Exercise requirements
No picture should appear in the copy. Transcribe exactly, and only, the lines from the one with "周开屏最新原创长笛小协奏曲《" through the last line of the data below.

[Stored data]
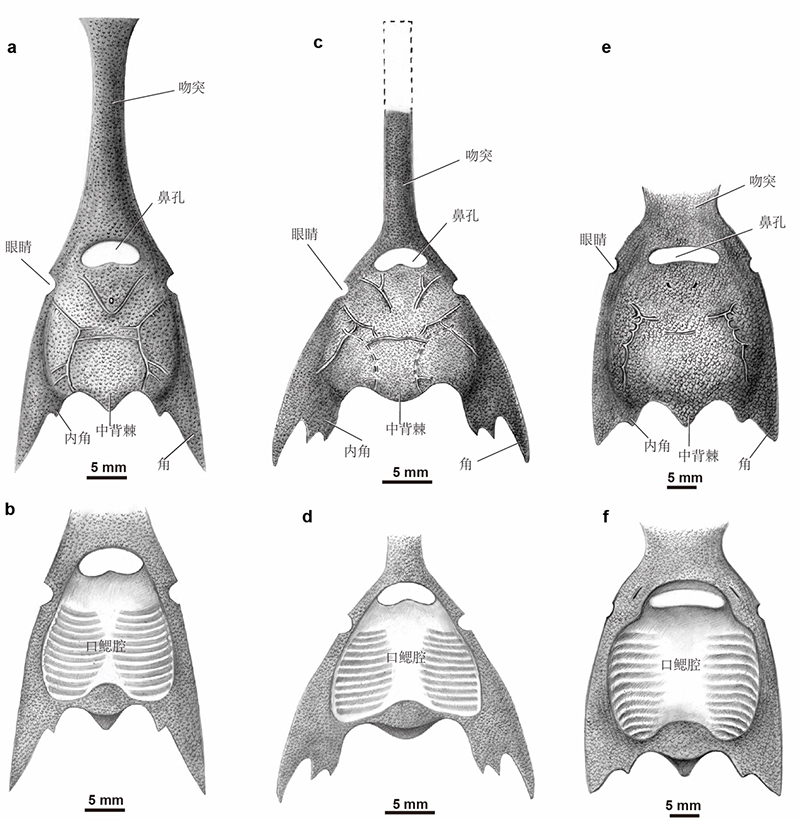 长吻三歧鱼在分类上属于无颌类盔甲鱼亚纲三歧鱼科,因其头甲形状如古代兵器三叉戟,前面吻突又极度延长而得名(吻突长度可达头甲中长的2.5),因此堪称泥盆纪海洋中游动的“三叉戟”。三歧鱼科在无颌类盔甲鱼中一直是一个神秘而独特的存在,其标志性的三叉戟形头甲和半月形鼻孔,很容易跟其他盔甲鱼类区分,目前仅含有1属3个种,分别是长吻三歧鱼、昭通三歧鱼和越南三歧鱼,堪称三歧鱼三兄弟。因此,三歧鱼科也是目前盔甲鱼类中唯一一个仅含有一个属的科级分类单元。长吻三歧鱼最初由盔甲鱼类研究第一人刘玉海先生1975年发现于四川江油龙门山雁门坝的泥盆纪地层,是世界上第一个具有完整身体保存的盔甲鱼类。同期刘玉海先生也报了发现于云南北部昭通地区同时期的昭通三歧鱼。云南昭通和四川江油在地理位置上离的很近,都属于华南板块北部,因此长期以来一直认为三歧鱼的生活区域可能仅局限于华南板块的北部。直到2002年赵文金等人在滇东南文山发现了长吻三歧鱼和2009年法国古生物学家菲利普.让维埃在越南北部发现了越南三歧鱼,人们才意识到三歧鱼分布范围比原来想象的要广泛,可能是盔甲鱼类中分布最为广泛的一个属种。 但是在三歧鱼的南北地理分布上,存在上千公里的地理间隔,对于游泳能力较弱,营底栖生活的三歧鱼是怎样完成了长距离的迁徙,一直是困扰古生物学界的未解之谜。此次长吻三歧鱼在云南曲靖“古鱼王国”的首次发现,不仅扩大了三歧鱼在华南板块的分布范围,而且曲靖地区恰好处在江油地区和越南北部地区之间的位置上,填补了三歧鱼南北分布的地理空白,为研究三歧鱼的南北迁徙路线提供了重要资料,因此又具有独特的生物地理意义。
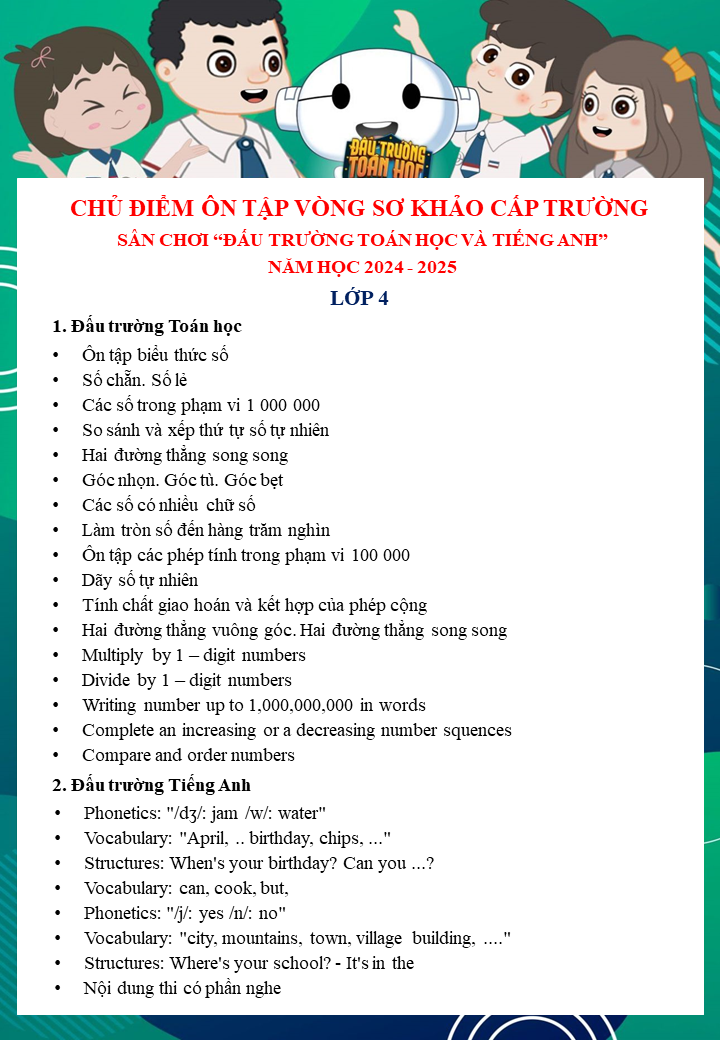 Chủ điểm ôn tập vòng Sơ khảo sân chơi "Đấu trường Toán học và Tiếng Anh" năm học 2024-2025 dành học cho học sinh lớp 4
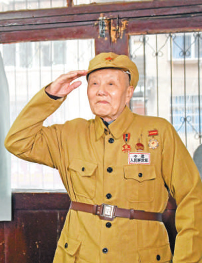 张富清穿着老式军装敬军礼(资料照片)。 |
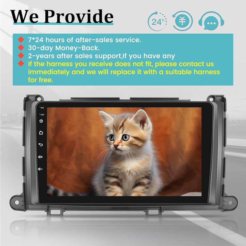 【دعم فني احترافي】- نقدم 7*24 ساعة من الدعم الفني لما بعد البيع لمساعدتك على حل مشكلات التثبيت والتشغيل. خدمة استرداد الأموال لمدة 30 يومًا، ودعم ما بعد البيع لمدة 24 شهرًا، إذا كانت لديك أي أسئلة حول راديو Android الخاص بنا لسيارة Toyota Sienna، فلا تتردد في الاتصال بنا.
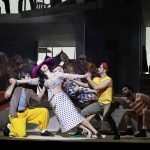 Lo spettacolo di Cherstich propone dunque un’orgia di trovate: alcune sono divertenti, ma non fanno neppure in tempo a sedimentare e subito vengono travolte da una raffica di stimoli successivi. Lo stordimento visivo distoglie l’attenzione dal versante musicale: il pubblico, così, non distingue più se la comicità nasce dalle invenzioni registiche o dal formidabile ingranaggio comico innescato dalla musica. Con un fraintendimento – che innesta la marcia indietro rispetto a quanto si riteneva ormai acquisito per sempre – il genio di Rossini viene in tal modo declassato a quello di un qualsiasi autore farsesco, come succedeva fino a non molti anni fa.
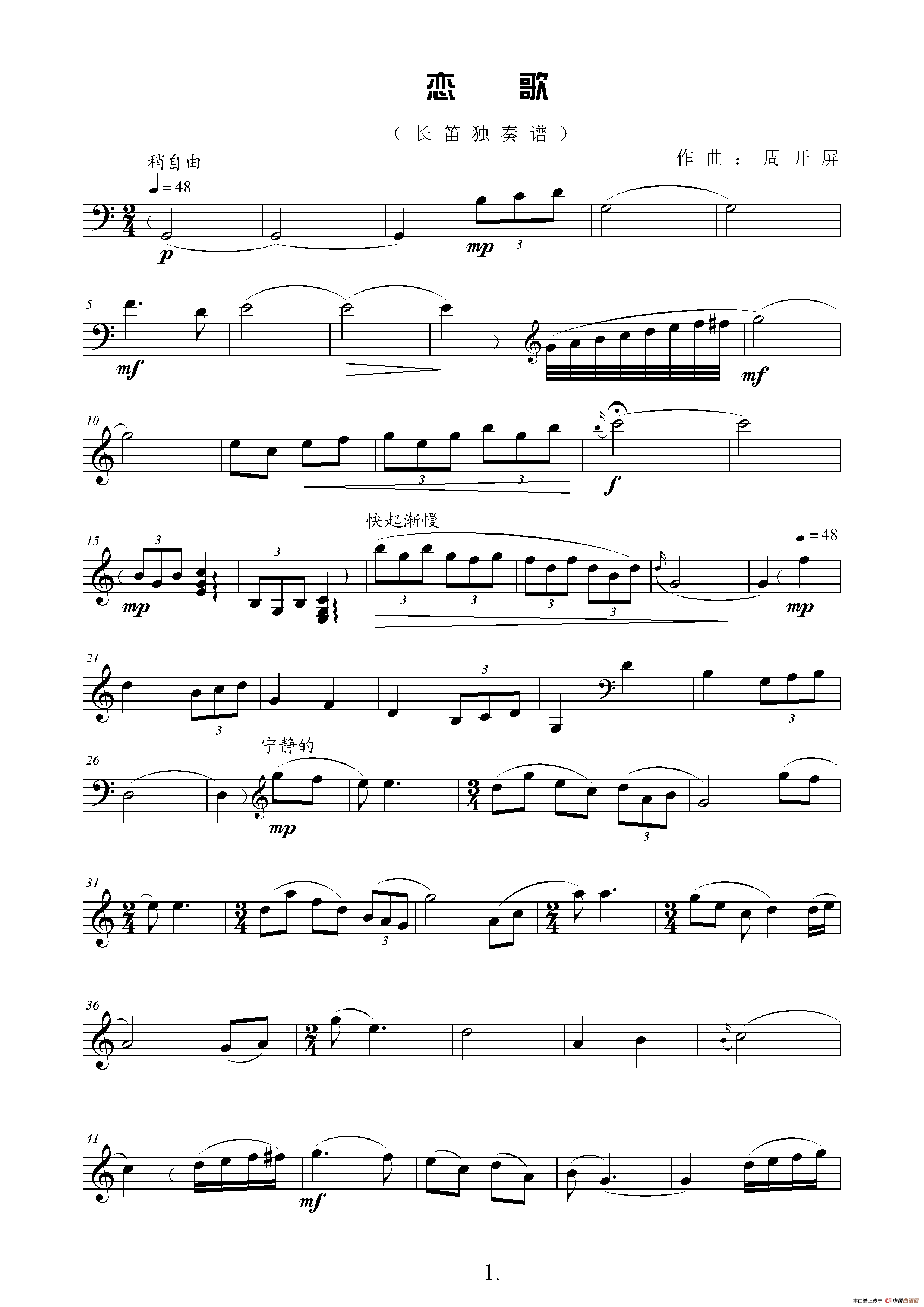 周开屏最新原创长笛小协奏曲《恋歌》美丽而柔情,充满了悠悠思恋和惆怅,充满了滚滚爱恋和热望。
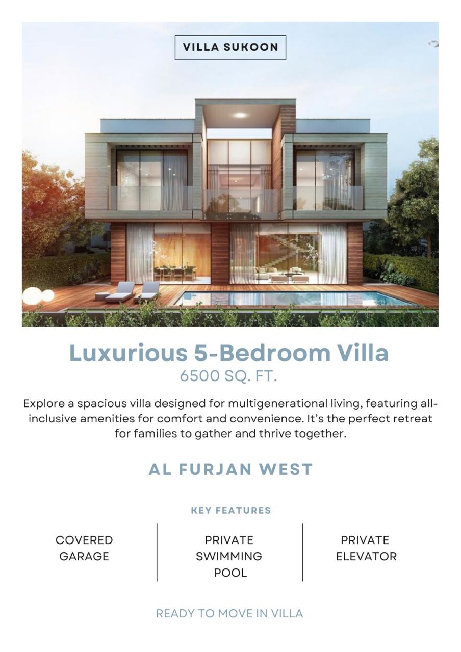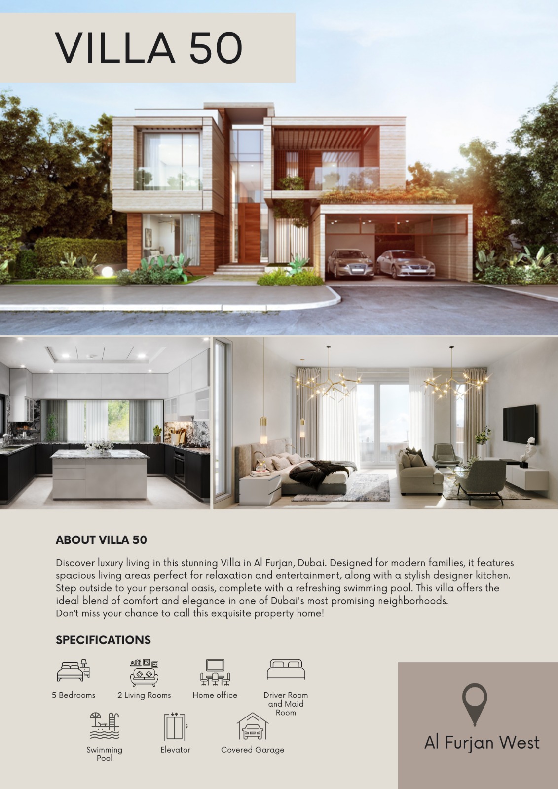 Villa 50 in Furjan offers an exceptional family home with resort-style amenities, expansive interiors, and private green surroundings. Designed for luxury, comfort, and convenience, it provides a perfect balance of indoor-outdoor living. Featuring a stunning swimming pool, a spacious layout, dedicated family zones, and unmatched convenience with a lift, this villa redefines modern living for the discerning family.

Reply
 周开屏最新原创长笛小协奏曲《恋歌》美丽而柔情,充满了悠悠思恋和惆怅,充满了滚滚爱恋和热望。
 Villa 50 in Furjan offers an exceptional family home with resort-style amenities, expansive interiors, and private green surroundings. Designed for luxury, comfort, and convenience, it provides a perfect balance of indoor-outdoor living. Featuring a stunning swimming pool, a spacious layout, dedicated family zones, and unmatched convenience with a lift, this villa redefines modern living for the discerning family.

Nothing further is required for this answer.